### DIRECTIONS FOR THIS TASK:
Restate the listing below line for line and word for word, without the pictures.

### DATASET SECTION:
##########
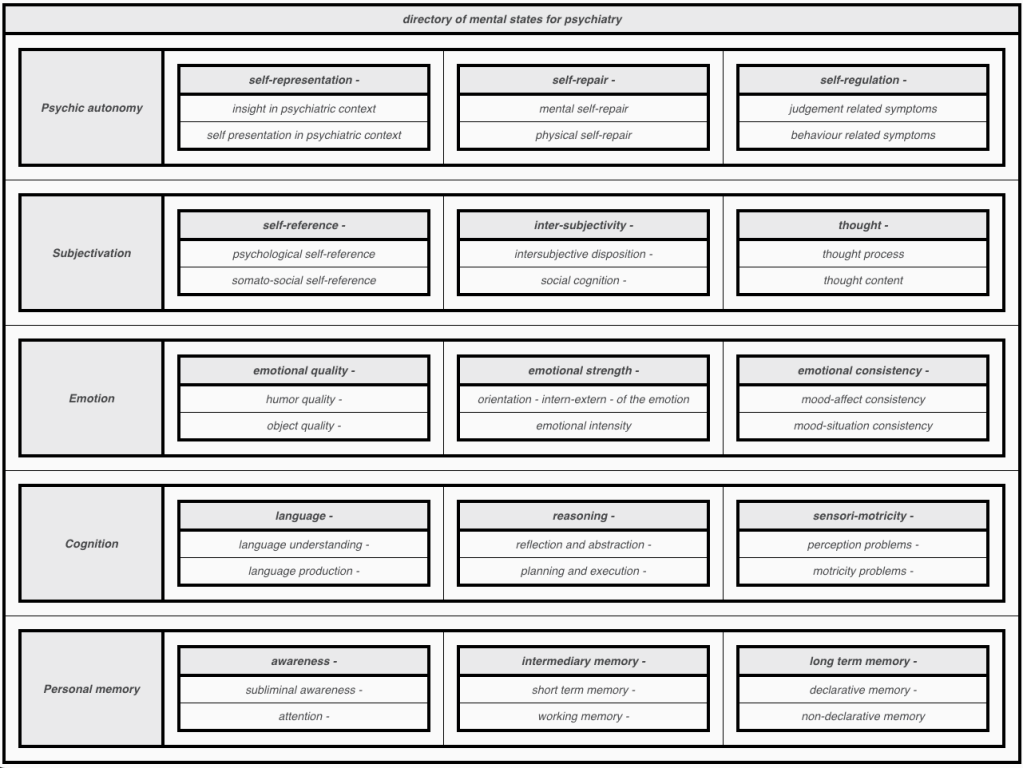 I used the fundamental symmetries of IEML to order the universe of discourse of mental health symptoms. The top row corresponds to the emergent qualities of the psyche in its most virtual dimension (autonomy) while the bottom row corresponds to the most actual dimension, which concretely supports the other psychic functions (memory). Between these two dimensions, the ascending and descending information is coded and decoded on a subjective (sign), emotional (being) and cognitive (thing) mode, as we see in the three intermediate rows. The three columns of the table correspond roughly to a sign / being / thing partition and the binary subdivision within each of the fifteen rectangles corresponds to a division between the most virtual aspects (for the top cell) and the most actual (for the bottom cell).
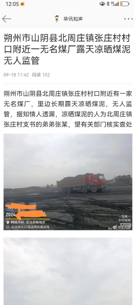 朔州市山陰縣北周莊鎮(zhèn)張莊村村口附近有一家無名煤廠,里邊長期露天涼曬煤泥,無人監(jiān)管,據(jù)知情人透漏,涼曬煤泥的人為北周莊鎮(zhèn)張莊村支書的弟弟張某,望有關部門核實查處
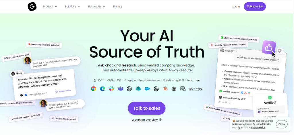 Guru focuses on delivering knowledge directly inside tools like Slack, Microsoft Teams, and browser extensions. It helps internal teams access verified information without leaving the tools they already use.
##########
### RESPONSE AREA:
 I used the fundamental symmetries of IEML to order the universe of discourse of mental health symptoms. The top row corresponds to the emergent qualities of the psyche in its most virtual dimension (autonomy) while the bottom row corresponds to the most actual dimension, which concretely supports the other psychic functions (memory). Between these two dimensions, the ascending and descending information is coded and decoded on a subjective (sign), emotional (being) and cognitive (thing) mode, as we see in the three intermediate rows. The three columns of the table correspond roughly to a sign / being / thing partition and the binary subdivision within each of the fifteen rectangles corresponds to a division between the most virtual aspects (for the top cell) and the most actual (for the bottom cell).
 朔州市山陰縣北周莊鎮(zhèn)張莊村村口附近有一家無名煤廠,里邊長期露天涼曬煤泥,無人監(jiān)管,據(jù)知情人透漏,涼曬煤泥的人為北周莊鎮(zhèn)張莊村支書的弟弟張某,望有關部門核實查處
 Guru focuses on delivering knowledge directly inside tools like Slack, Microsoft Teams, and browser extensions. It helps internal teams access verified information without leaving the tools they already use.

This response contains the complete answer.